§ Work to be completed: Your answer should be the lines below from the one holding "A makeup artist" through the one holding "Sabato 20 maggio", copied exactly and with nothing else.

:: Source material

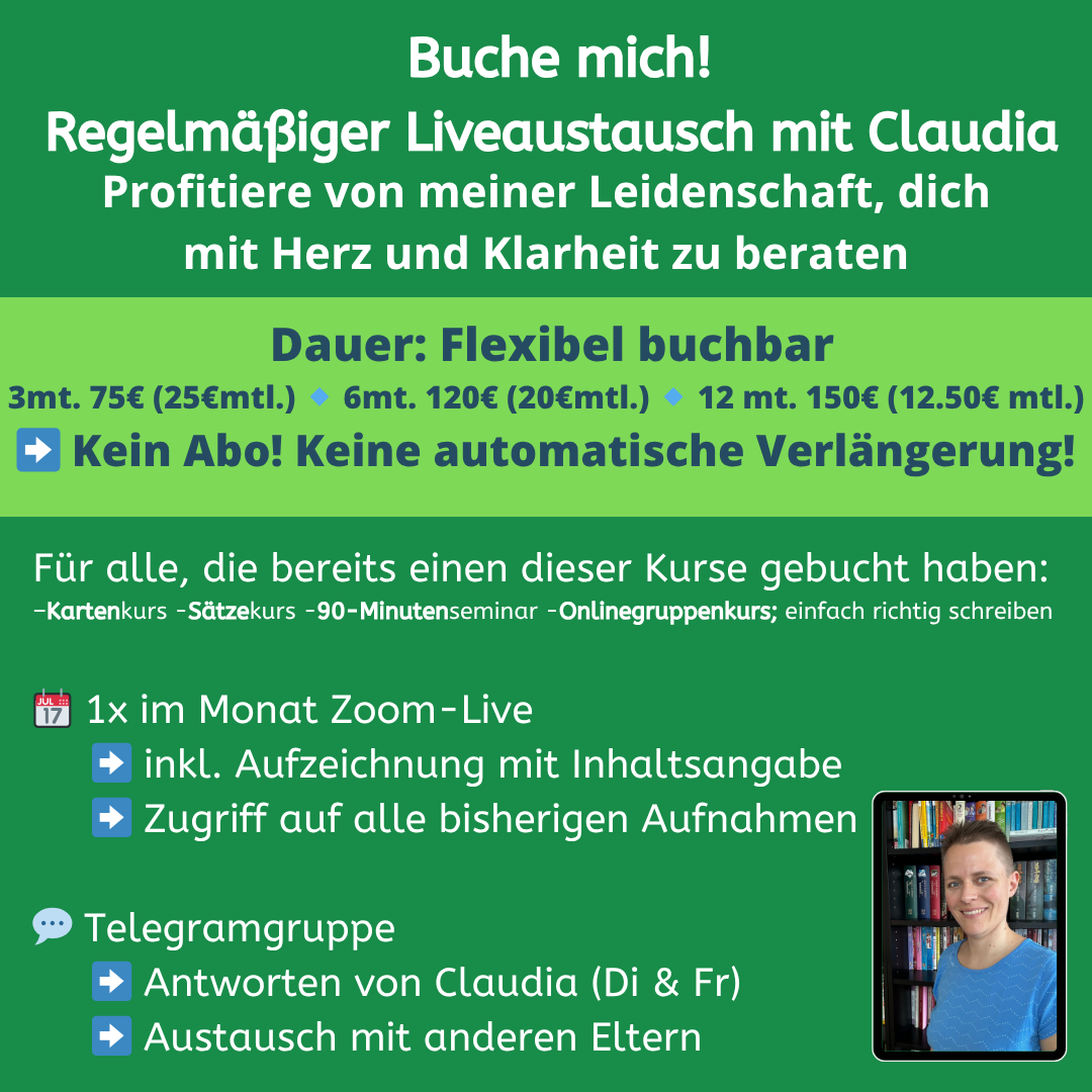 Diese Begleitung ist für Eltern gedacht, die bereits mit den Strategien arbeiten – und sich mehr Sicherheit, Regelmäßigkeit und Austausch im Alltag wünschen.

::::
:: Source material

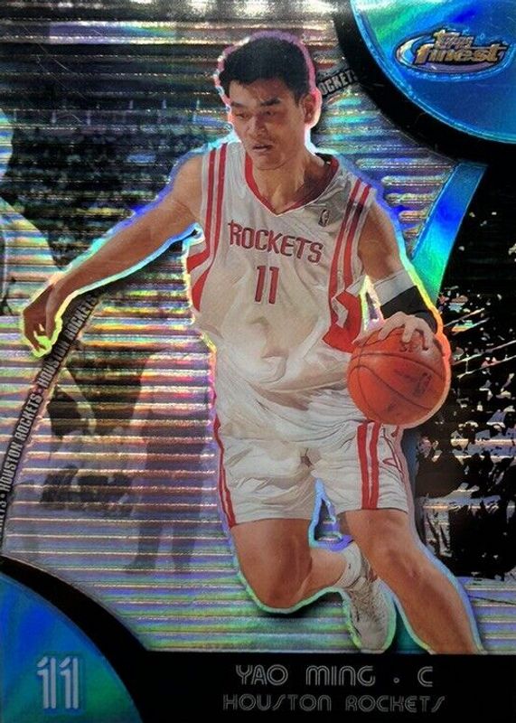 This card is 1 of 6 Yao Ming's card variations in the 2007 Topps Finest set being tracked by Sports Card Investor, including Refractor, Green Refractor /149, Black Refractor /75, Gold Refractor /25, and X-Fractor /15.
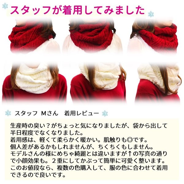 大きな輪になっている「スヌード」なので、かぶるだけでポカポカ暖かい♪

::::
:: Source material

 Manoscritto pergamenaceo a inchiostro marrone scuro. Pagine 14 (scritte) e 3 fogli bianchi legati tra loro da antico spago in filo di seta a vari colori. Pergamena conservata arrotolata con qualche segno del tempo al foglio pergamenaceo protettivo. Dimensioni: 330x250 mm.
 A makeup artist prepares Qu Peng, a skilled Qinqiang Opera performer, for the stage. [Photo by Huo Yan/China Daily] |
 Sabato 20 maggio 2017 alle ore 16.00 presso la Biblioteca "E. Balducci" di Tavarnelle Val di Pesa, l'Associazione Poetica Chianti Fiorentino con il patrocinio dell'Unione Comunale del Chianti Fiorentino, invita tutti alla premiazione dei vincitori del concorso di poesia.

::::

§ Task solution:
 A makeup artist prepares Qu Peng, a skilled Qinqiang Opera performer, for the stage. [Photo by Huo Yan/China Daily] |
 Sabato 20 maggio 2017 alle ore 16.00 presso la Biblioteca "E. Balducci" di Tavarnelle Val di Pesa, l'Associazione Poetica Chianti Fiorentino con il patrocinio dell'Unione Comunale del Chianti Fiorentino, invita tutti alla premiazione dei vincitori del concorso di poesia.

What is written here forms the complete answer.